What you print must match the data line for line.
Segment Start: Available records
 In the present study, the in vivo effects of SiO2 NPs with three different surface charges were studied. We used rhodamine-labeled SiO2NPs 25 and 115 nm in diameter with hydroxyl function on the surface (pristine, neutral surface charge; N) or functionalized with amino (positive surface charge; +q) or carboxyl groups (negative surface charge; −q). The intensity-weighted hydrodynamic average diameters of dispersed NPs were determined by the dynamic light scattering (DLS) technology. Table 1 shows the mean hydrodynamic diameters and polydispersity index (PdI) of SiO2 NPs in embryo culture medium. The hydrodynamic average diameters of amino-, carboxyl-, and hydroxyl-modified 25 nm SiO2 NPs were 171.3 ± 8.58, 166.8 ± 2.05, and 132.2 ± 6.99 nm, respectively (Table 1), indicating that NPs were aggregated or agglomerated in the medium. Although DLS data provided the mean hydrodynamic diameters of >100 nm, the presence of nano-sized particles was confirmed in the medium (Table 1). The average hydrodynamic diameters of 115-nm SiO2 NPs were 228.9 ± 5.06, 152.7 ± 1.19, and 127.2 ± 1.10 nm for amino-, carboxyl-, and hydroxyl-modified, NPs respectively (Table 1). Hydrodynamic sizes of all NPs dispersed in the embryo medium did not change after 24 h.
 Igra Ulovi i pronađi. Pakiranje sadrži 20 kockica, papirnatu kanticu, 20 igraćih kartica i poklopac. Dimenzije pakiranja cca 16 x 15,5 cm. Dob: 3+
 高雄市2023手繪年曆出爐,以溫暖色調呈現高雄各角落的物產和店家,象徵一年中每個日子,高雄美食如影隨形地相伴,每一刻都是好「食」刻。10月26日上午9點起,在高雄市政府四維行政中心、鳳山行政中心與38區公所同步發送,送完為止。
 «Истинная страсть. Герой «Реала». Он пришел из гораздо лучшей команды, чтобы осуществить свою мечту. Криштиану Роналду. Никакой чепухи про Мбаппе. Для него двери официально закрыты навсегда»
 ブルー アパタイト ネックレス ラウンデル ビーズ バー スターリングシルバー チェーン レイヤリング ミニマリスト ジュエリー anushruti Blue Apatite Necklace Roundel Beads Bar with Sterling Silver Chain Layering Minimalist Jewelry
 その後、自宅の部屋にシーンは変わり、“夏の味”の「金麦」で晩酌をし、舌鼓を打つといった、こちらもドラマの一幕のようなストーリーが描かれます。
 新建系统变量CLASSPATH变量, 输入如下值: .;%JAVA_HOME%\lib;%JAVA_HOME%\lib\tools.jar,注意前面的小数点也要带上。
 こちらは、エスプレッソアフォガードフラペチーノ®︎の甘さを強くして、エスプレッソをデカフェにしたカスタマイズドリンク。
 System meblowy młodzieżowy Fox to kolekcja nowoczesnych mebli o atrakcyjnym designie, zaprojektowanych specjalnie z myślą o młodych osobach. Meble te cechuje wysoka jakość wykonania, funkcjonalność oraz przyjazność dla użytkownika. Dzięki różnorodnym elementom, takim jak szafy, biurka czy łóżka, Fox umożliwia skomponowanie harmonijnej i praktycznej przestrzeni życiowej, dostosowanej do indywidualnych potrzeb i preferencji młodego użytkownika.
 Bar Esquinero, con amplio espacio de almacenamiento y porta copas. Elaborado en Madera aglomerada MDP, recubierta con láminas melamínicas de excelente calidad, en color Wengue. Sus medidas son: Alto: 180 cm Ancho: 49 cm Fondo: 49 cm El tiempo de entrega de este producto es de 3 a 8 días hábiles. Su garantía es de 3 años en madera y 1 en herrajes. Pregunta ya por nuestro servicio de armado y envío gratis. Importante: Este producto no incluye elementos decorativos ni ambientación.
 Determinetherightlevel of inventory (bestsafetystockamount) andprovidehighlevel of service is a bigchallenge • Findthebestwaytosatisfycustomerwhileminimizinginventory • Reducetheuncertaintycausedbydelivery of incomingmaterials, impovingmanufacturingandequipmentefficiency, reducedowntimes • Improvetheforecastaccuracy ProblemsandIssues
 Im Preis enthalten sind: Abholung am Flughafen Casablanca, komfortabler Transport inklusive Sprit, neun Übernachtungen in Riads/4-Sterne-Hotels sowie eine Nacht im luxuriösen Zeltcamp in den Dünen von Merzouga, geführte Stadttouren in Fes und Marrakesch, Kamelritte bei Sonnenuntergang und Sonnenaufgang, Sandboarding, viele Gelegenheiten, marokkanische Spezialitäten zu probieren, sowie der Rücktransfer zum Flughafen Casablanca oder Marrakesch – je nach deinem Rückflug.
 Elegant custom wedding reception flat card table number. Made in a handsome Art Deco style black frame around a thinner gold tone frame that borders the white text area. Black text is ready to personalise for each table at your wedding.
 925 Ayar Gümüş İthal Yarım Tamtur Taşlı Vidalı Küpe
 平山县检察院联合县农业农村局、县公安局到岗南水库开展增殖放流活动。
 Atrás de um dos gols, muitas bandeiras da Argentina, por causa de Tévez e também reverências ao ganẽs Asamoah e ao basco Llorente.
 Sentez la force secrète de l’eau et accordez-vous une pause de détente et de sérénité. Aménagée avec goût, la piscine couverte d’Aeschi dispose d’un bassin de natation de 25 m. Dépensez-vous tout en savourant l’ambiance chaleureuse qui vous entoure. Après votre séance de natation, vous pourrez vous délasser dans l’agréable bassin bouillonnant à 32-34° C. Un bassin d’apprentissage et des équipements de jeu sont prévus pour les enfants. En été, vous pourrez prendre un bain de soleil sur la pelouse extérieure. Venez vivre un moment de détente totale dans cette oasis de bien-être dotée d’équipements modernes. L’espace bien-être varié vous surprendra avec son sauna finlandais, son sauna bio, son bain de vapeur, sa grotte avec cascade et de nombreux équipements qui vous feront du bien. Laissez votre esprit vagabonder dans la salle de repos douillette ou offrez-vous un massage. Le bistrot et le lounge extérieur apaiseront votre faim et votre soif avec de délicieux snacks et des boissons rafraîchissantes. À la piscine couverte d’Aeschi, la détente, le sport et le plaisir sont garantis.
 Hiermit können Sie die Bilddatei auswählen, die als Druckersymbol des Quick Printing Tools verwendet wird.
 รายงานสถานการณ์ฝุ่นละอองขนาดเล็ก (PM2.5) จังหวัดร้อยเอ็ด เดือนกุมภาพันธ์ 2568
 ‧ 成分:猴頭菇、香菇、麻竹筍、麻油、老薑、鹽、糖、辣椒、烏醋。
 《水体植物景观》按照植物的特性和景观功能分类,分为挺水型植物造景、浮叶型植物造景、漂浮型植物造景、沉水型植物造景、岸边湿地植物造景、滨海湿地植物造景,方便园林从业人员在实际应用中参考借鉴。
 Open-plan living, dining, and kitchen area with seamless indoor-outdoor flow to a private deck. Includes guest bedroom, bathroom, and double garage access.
Segment End: Available records
> [Solution]:
 In the present study, the in vivo effects of SiO2 NPs with three different surface charges were studied. We used rhodamine-labeled SiO2NPs 25 and 115 nm in diameter with hydroxyl function on the surface (pristine, neutral surface charge; N) or functionalized with amino (positive surface charge; +q) or carboxyl groups (negative surface charge; −q). The intensity-weighted hydrodynamic average diameters of dispersed NPs were determined by the dynamic light scattering (DLS) technology. Table 1 shows the mean hydrodynamic diameters and polydispersity index (PdI) of SiO2 NPs in embryo culture medium. The hydrodynamic average diameters of amino-, carboxyl-, and hydroxyl-modified 25 nm SiO2 NPs were 171.3 ± 8.58, 166.8 ± 2.05, and 132.2 ± 6.99 nm, respectively (Table 1), indicating that NPs were aggregated or agglomerated in the medium. Although DLS data provided the mean hydrodynamic diameters of >100 nm, the presence of nano-sized particles was confirmed in the medium (Table 1). The average hydrodynamic diameters of 115-nm SiO2 NPs were 228.9 ± 5.06, 152.7 ± 1.19, and 127.2 ± 1.10 nm for amino-, carboxyl-, and hydroxyl-modified, NPs respectively (Table 1). Hydrodynamic sizes of all NPs dispersed in the embryo medium did not change after 24 h.
 Igra Ulovi i pronađi. Pakiranje sadrži 20 kockica, papirnatu kanticu, 20 igraćih kartica i poklopac. Dimenzije pakiranja cca 16 x 15,5 cm. Dob: 3+
 高雄市2023手繪年曆出爐,以溫暖色調呈現高雄各角落的物產和店家,象徵一年中每個日子,高雄美食如影隨形地相伴,每一刻都是好「食」刻。10月26日上午9點起,在高雄市政府四維行政中心、鳳山行政中心與38區公所同步發送,送完為止。
 «Истинная страсть. Герой «Реала». Он пришел из гораздо лучшей команды, чтобы осуществить свою мечту. Криштиану Роналду. Никакой чепухи про Мбаппе. Для него двери официально закрыты навсегда»
 ブルー アパタイト ネックレス ラウンデル ビーズ バー スターリングシルバー チェーン レイヤリング ミニマリスト ジュエリー anushruti Blue Apatite Necklace Roundel Beads Bar with Sterling Silver Chain Layering Minimalist Jewelry
 その後、自宅の部屋にシーンは変わり、“夏の味”の「金麦」で晩酌をし、舌鼓を打つといった、こちらもドラマの一幕のようなストーリーが描かれます。
 新建系统变量CLASSPATH变量, 输入如下值: .;%JAVA_HOME%\lib;%JAVA_HOME%\lib\tools.jar,注意前面的小数点也要带上。
 こちらは、エスプレッソアフォガードフラペチーノ®︎の甘さを強くして、エスプレッソをデカフェにしたカスタマイズドリンク。
 System meblowy młodzieżowy Fox to kolekcja nowoczesnych mebli o atrakcyjnym designie, zaprojektowanych specjalnie z myślą o młodych osobach. Meble te cechuje wysoka jakość wykonania, funkcjonalność oraz przyjazność dla użytkownika. Dzięki różnorodnym elementom, takim jak szafy, biurka czy łóżka, Fox umożliwia skomponowanie harmonijnej i praktycznej przestrzeni życiowej, dostosowanej do indywidualnych potrzeb i preferencji młodego użytkownika.
 Bar Esquinero, con amplio espacio de almacenamiento y porta copas. Elaborado en Madera aglomerada MDP, recubierta con láminas melamínicas de excelente calidad, en color Wengue. Sus medidas son: Alto: 180 cm Ancho: 49 cm Fondo: 49 cm El tiempo de entrega de este producto es de 3 a 8 días hábiles. Su garantía es de 3 años en madera y 1 en herrajes. Pregunta ya por nuestro servicio de armado y envío gratis. Importante: Este producto no incluye elementos decorativos ni ambientación.
 Determinetherightlevel of inventory (bestsafetystockamount) andprovidehighlevel of service is a bigchallenge • Findthebestwaytosatisfycustomerwhileminimizinginventory • Reducetheuncertaintycausedbydelivery of incomingmaterials, impovingmanufacturingandequipmentefficiency, reducedowntimes • Improvetheforecastaccuracy ProblemsandIssues
 Im Preis enthalten sind: Abholung am Flughafen Casablanca, komfortabler Transport inklusive Sprit, neun Übernachtungen in Riads/4-Sterne-Hotels sowie eine Nacht im luxuriösen Zeltcamp in den Dünen von Merzouga, geführte Stadttouren in Fes und Marrakesch, Kamelritte bei Sonnenuntergang und Sonnenaufgang, Sandboarding, viele Gelegenheiten, marokkanische Spezialitäten zu probieren, sowie der Rücktransfer zum Flughafen Casablanca oder Marrakesch – je nach deinem Rückflug.
 Elegant custom wedding reception flat card table number. Made in a handsome Art Deco style black frame around a thinner gold tone frame that borders the white text area. Black text is ready to personalise for each table at your wedding.
 925 Ayar Gümüş İthal Yarım Tamtur Taşlı Vidalı Küpe
 平山县检察院联合县农业农村局、县公安局到岗南水库开展增殖放流活动。
 Atrás de um dos gols, muitas bandeiras da Argentina, por causa de Tévez e também reverências ao ganẽs Asamoah e ao basco Llorente.
 Sentez la force secrète de l’eau et accordez-vous une pause de détente et de sérénité. Aménagée avec goût, la piscine couverte d’Aeschi dispose d’un bassin de natation de 25 m. Dépensez-vous tout en savourant l’ambiance chaleureuse qui vous entoure. Après votre séance de natation, vous pourrez vous délasser dans l’agréable bassin bouillonnant à 32-34° C. Un bassin d’apprentissage et des équipements de jeu sont prévus pour les enfants. En été, vous pourrez prendre un bain de soleil sur la pelouse extérieure. Venez vivre un moment de détente totale dans cette oasis de bien-être dotée d’équipements modernes. L’espace bien-être varié vous surprendra avec son sauna finlandais, son sauna bio, son bain de vapeur, sa grotte avec cascade et de nombreux équipements qui vous feront du bien. Laissez votre esprit vagabonder dans la salle de repos douillette ou offrez-vous un massage. Le bistrot et le lounge extérieur apaiseront votre faim et votre soif avec de délicieux snacks et des boissons rafraîchissantes. À la piscine couverte d’Aeschi, la détente, le sport et le plaisir sont garantis.
 Hiermit können Sie die Bilddatei auswählen, die als Druckersymbol des Quick Printing Tools verwendet wird.
 รายงานสถานการณ์ฝุ่นละอองขนาดเล็ก (PM2.5) จังหวัดร้อยเอ็ด เดือนกุมภาพันธ์ 2568
 ‧ 成分:猴頭菇、香菇、麻竹筍、麻油、老薑、鹽、糖、辣椒、烏醋。
 《水体植物景观》按照植物的特性和景观功能分类,分为挺水型植物造景、浮叶型植物造景、漂浮型植物造景、沉水型植物造景、岸边湿地植物造景、滨海湿地植物造景,方便园林从业人员在实际应用中参考借鉴。
 Open-plan living, dining, and kitchen area with seamless indoor-outdoor flow to a private deck. Includes guest bedroom, bathroom, and double garage access.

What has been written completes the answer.